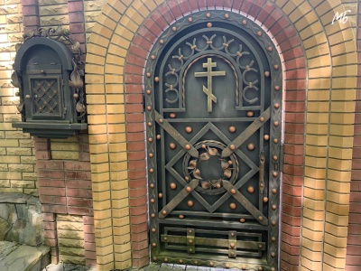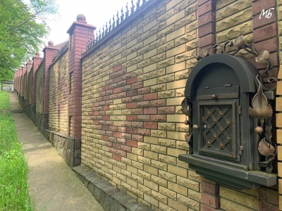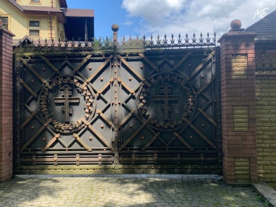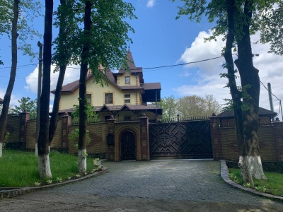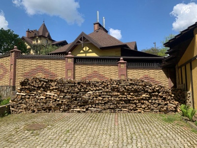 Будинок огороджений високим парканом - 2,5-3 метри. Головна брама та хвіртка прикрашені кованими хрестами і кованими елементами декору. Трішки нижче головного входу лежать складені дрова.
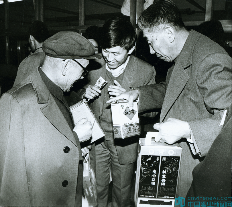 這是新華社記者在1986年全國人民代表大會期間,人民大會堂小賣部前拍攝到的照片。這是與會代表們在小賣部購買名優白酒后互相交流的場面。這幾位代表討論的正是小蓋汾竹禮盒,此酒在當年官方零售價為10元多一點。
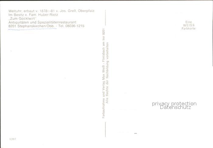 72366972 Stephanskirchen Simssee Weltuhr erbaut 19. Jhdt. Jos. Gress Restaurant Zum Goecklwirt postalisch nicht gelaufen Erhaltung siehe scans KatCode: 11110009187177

--

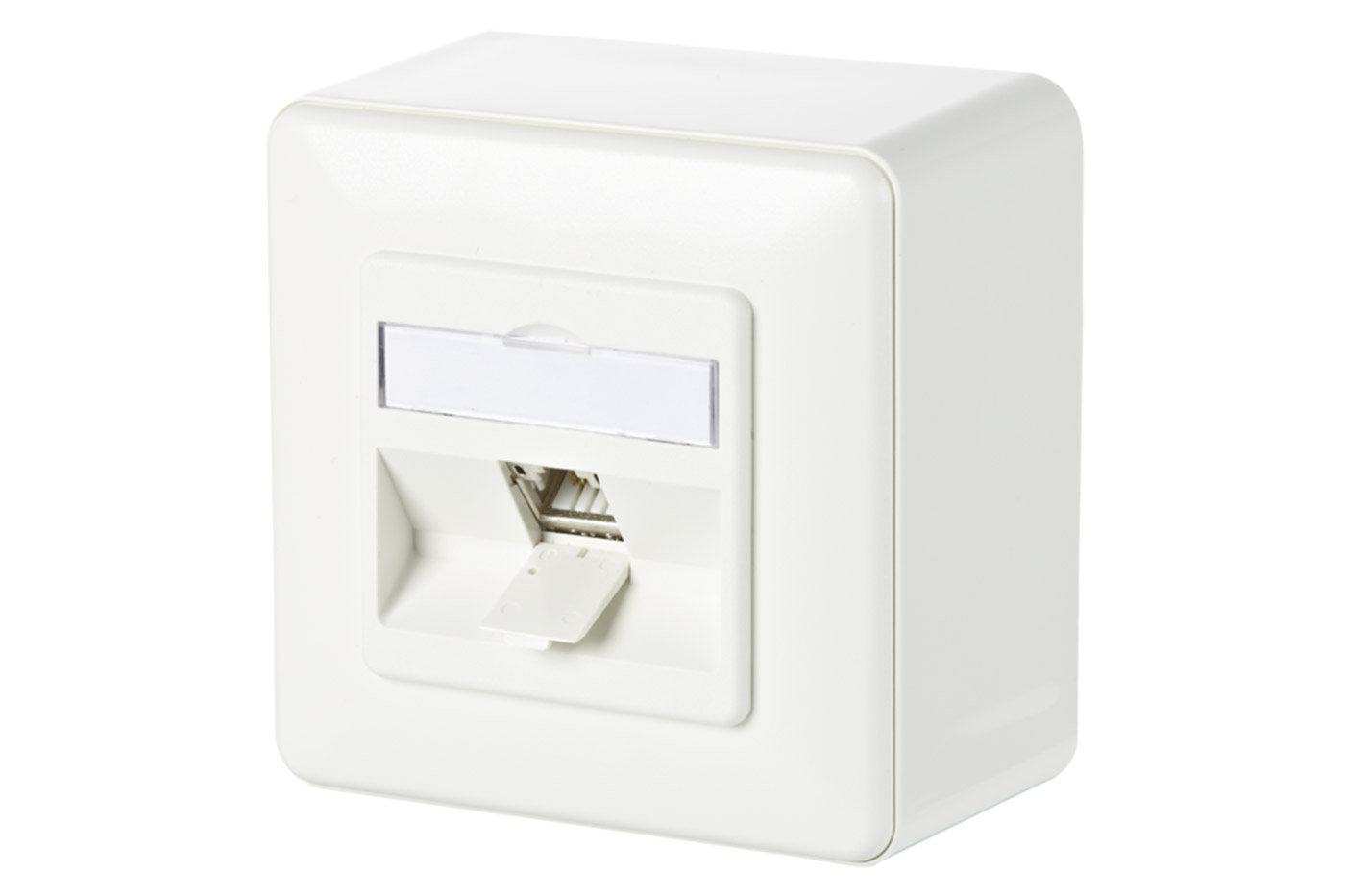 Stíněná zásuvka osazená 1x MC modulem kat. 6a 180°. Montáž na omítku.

==

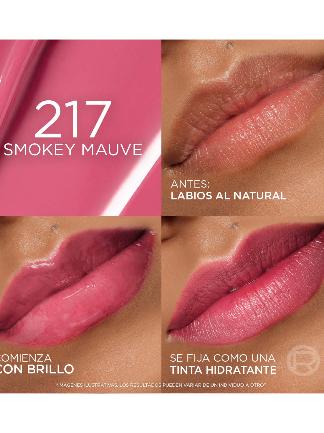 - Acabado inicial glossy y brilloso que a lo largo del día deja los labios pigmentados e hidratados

Brief. Would you output the lines above from the line holding "Будинок огороджений високим" up to and including the line holding "72366972 Stephanskirchen Simssee", exactly and only those, with no pictures?

Solution for this exercise.
 Будинок огороджений високим парканом - 2,5-3 метри. Головна брама та хвіртка прикрашені кованими хрестами і кованими елементами декору. Трішки нижче головного входу лежать складені дрова.
 這是新華社記者在1986年全國人民代表大會期間,人民大會堂小賣部前拍攝到的照片。這是與會代表們在小賣部購買名優白酒后互相交流的場面。這幾位代表討論的正是小蓋汾竹禮盒,此酒在當年官方零售價為10元多一點。
 72366972 Stephanskirchen Simssee Weltuhr erbaut 19. Jhdt. Jos. Gress Restaurant Zum Goecklwirt postalisch nicht gelaufen Erhaltung siehe scans KatCode: 11110009187177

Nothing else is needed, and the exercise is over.